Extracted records
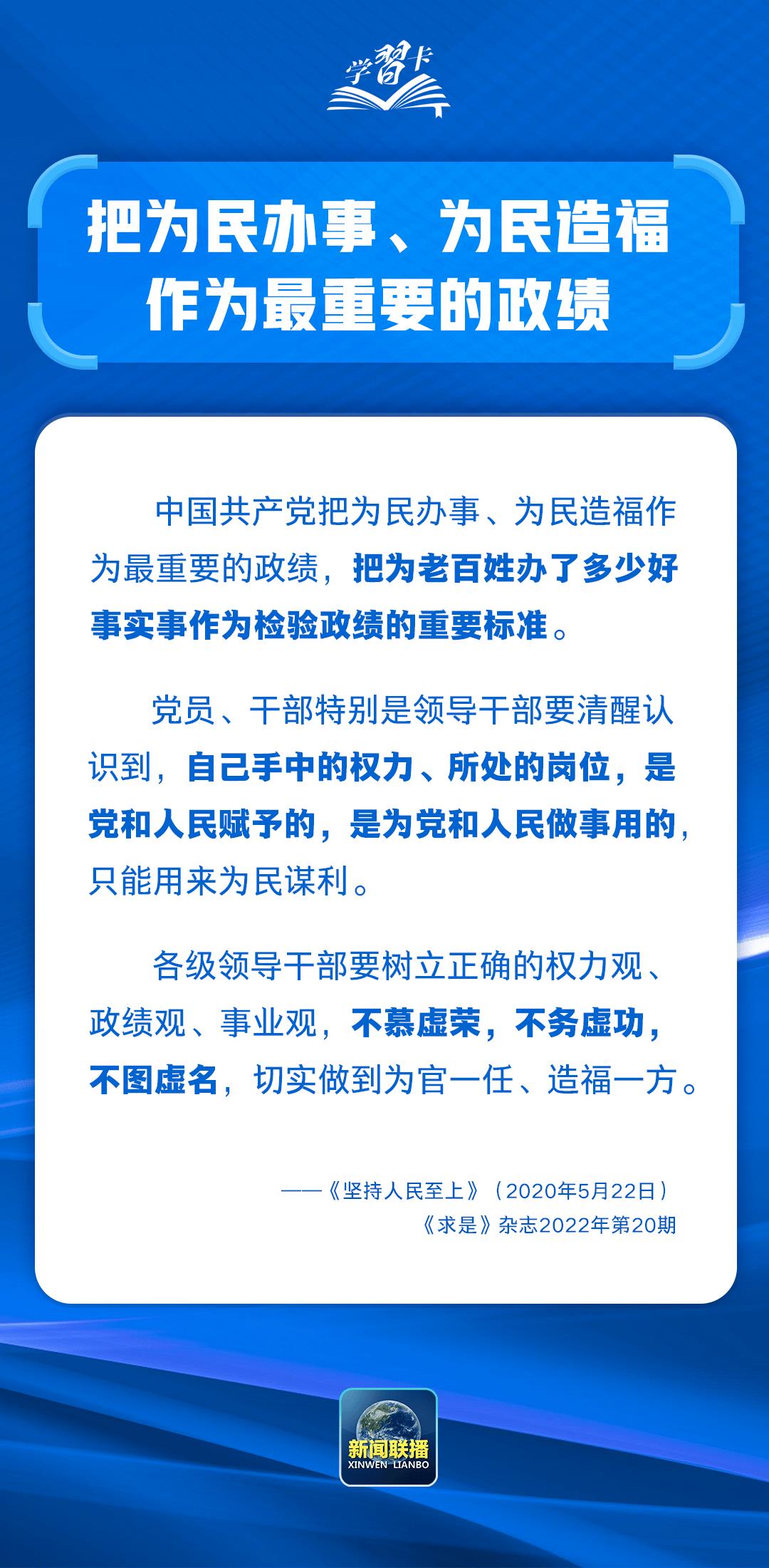 学习卡丨“把为民办事、为民造福作为最重要的政绩”
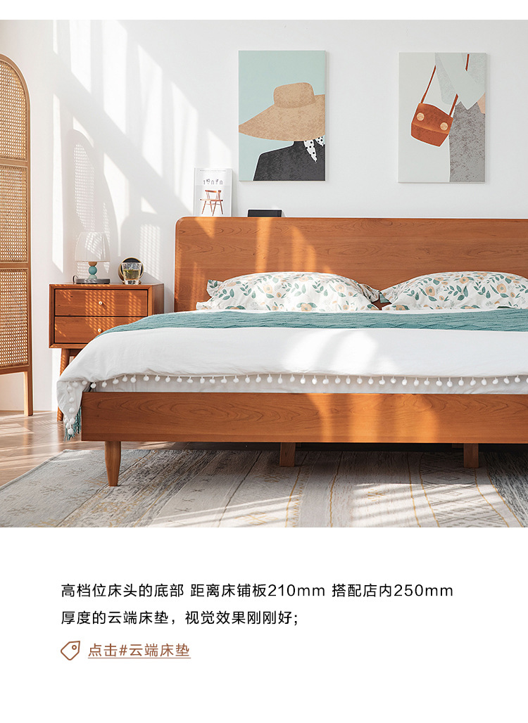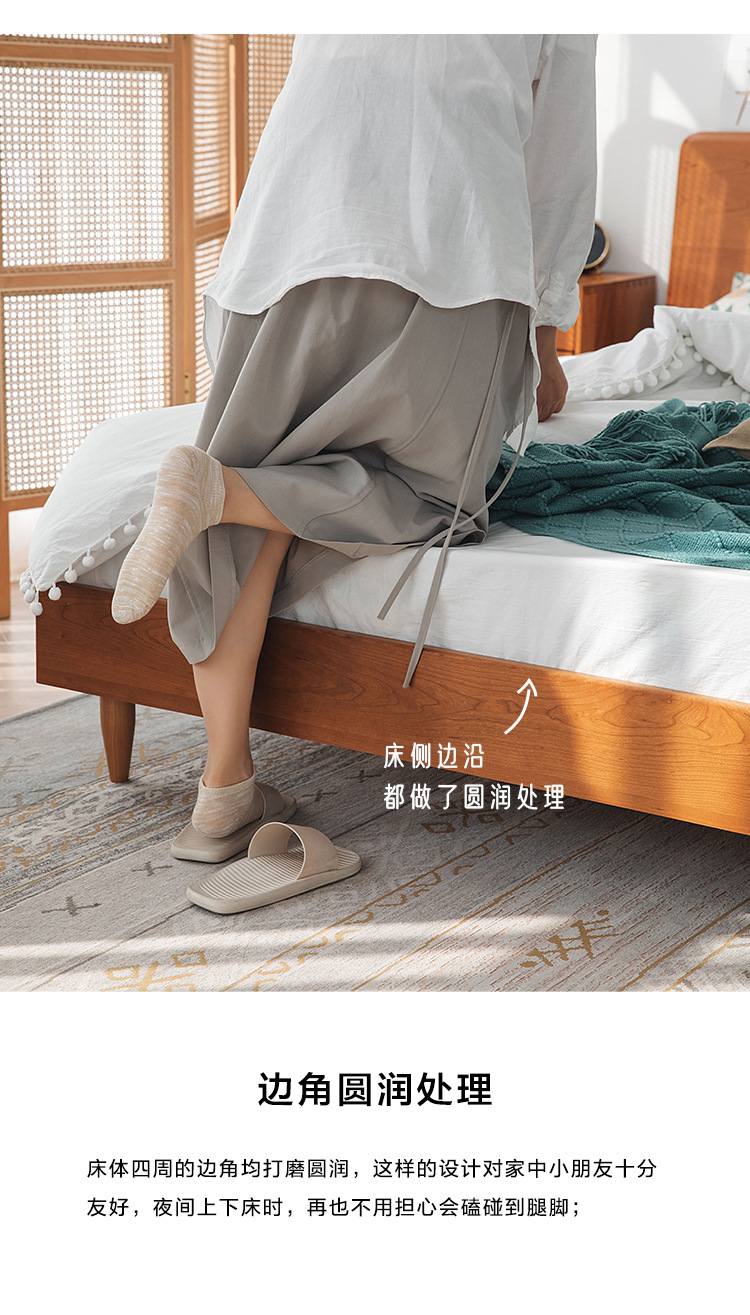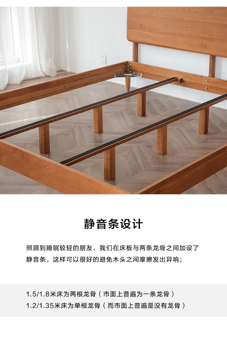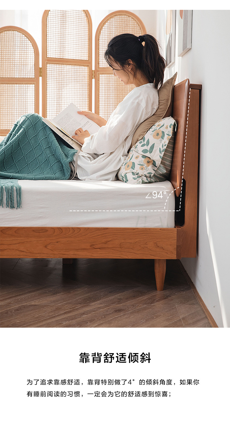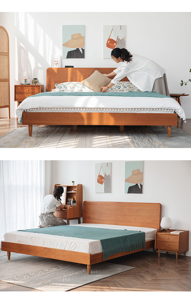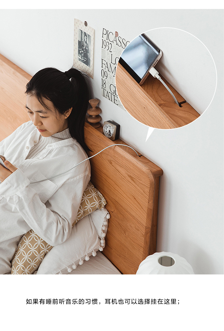 北欧樱桃木1.5小岛床日式简约卧室榻榻米原木床1.8米双人实木婚床
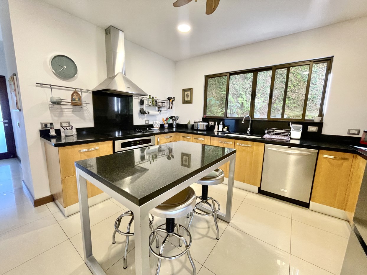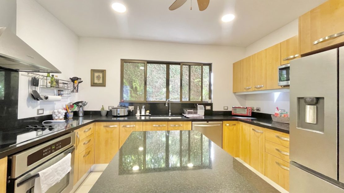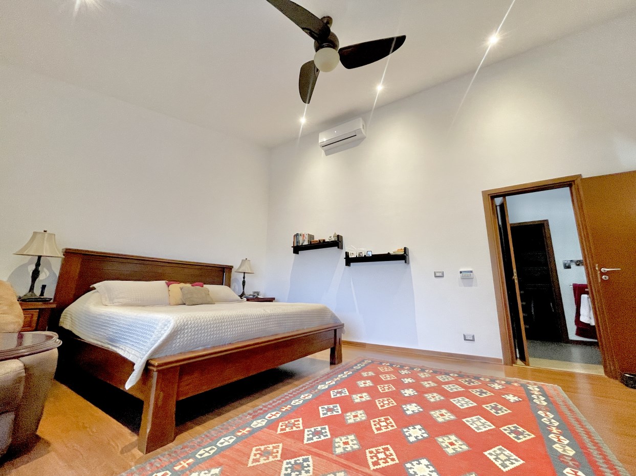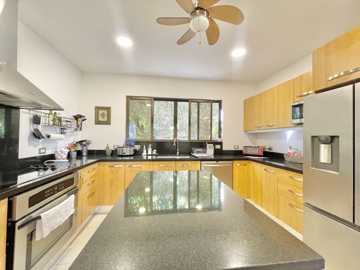 – 4 bedrooms with closet, black outs and air conditioning.- Master bedroom with private bath and large walk in closet- Spacious living and dining room with view to the trees- Large kitchen with island, several storage cabinets and cupboards- Terrace with bbq area and garden- Maid’s quarters with bathroom- Laundry room with laundry tower and sink. Storage furniture- 4 warehouses and closets throughout the house for storage.- Garage for 4 cars- Gas distribution circuit system- Automatic irrigation system- Water storage tank
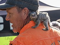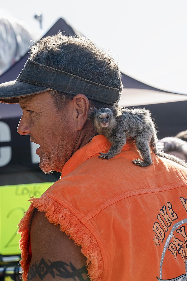 A 6-month old Marmoset clings to her human's collar as they stroll Main St. at the 85th annual Daytona Beach Bike Week on Saturday, Mar. 7. Photo by Michele Meyers
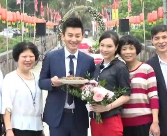 凤凰网娱乐讯 5月12日一大早,有网友偶遇吴敏霞正在录制某节目,其男友张效诚向她求婚,张效诚手拿鲜花和戒指,单膝跪地,吴敏霞双手捂住嘴很是惊喜,张效诚深情款款地对吴敏霞说:“8年了,姐姐,
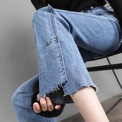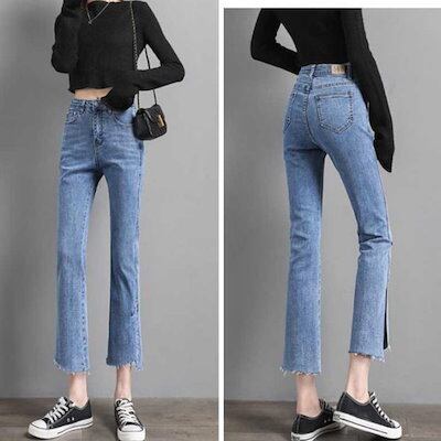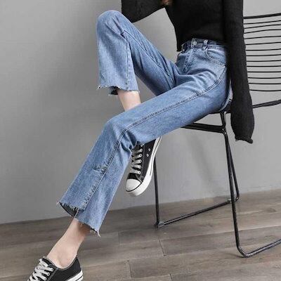 ブーツカットデニムパンツレディース大きいサイズスキニーデニムパンツフレアデニムパンツ8分丈9分丈春夏春脚デニムフリンジダメージジーンズジーパン裾フレア
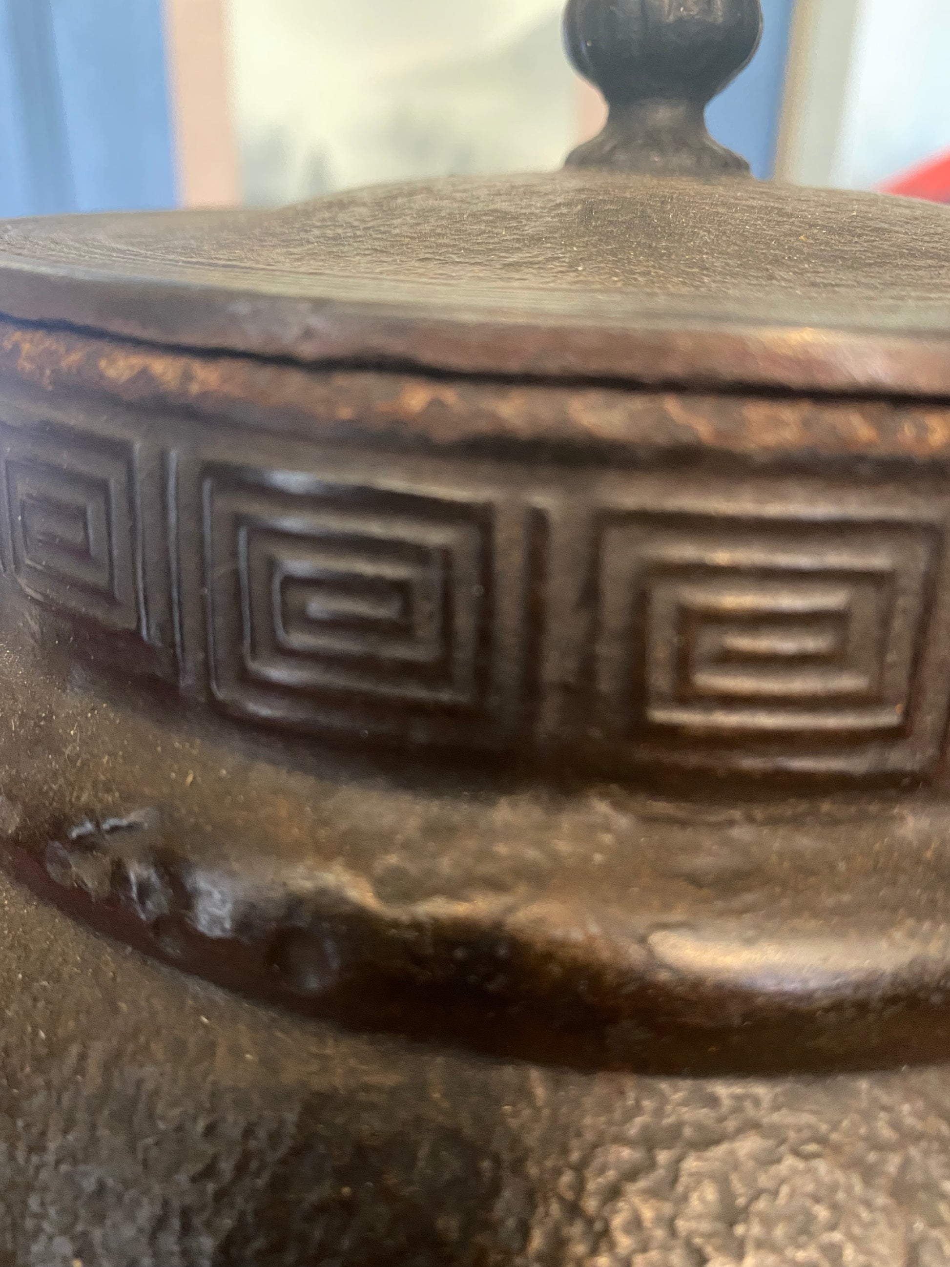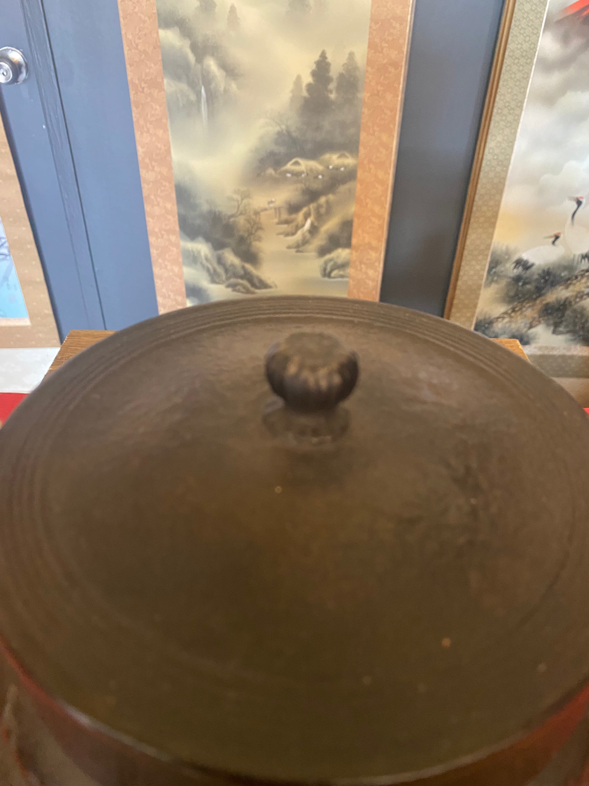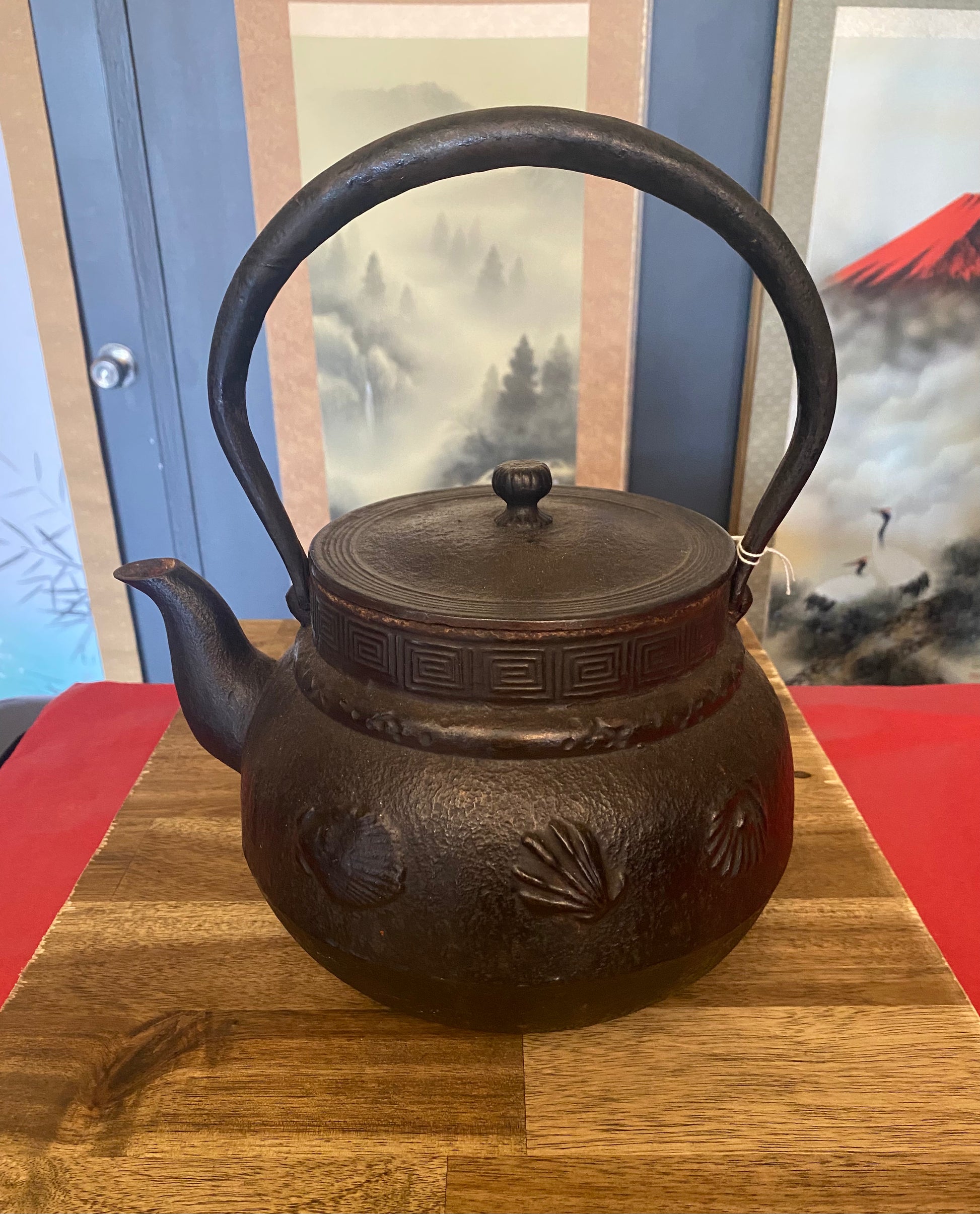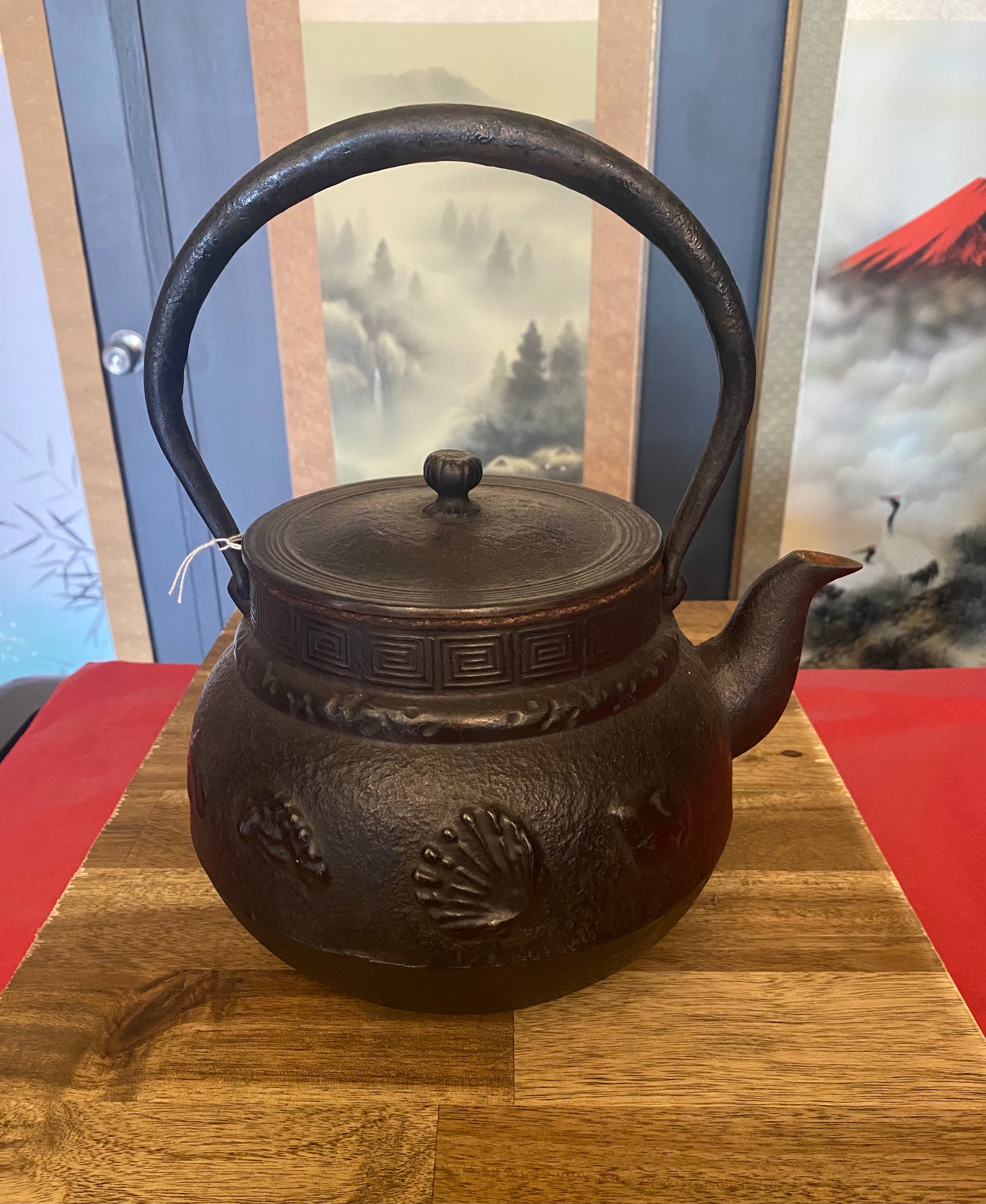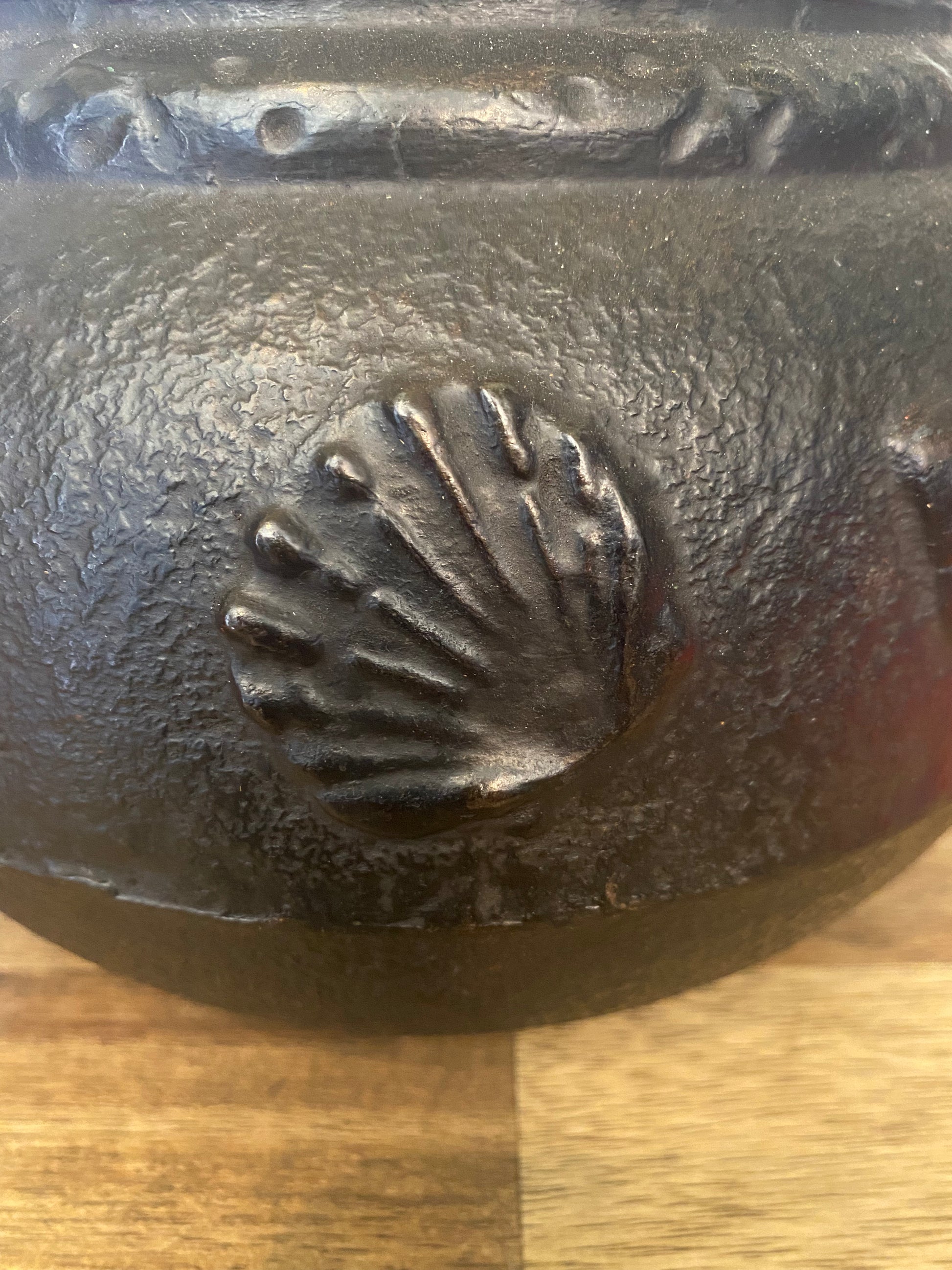 Japanese cast iron kettle with sea shells from Showa period. Signed circa 1960s.

**Task directions:**
Reproduce all lines above exactly. Leave the images out.

**Answer:**
 学习卡丨“把为民办事、为民造福作为最重要的政绩”
 北欧樱桃木1.5小岛床日式简约卧室榻榻米原木床1.8米双人实木婚床
 – 4 bedrooms with closet, black outs and air conditioning.- Master bedroom with private bath and large walk in closet- Spacious living and dining room with view to the trees- Large kitchen with island, several storage cabinets and cupboards- Terrace with bbq area and garden- Maid’s quarters with bathroom- Laundry room with laundry tower and sink. Storage furniture- 4 warehouses and closets throughout the house for storage.- Garage for 4 cars- Gas distribution circuit system- Automatic irrigation system- Water storage tank
 A 6-month old Marmoset clings to her human's collar as they stroll Main St. at the 85th annual Daytona Beach Bike Week on Saturday, Mar. 7. Photo by Michele Meyers
 凤凰网娱乐讯 5月12日一大早,有网友偶遇吴敏霞正在录制某节目,其男友张效诚向她求婚,张效诚手拿鲜花和戒指,单膝跪地,吴敏霞双手捂住嘴很是惊喜,张效诚深情款款地对吴敏霞说:“8年了,姐姐,
 ブーツカットデニムパンツレディース大きいサイズスキニーデニムパンツフレアデニムパンツ8分丈9分丈春夏春脚デニムフリンジダメージジーンズジーパン裾フレア
 Japanese cast iron kettle with sea shells from Showa period. Signed circa 1960s.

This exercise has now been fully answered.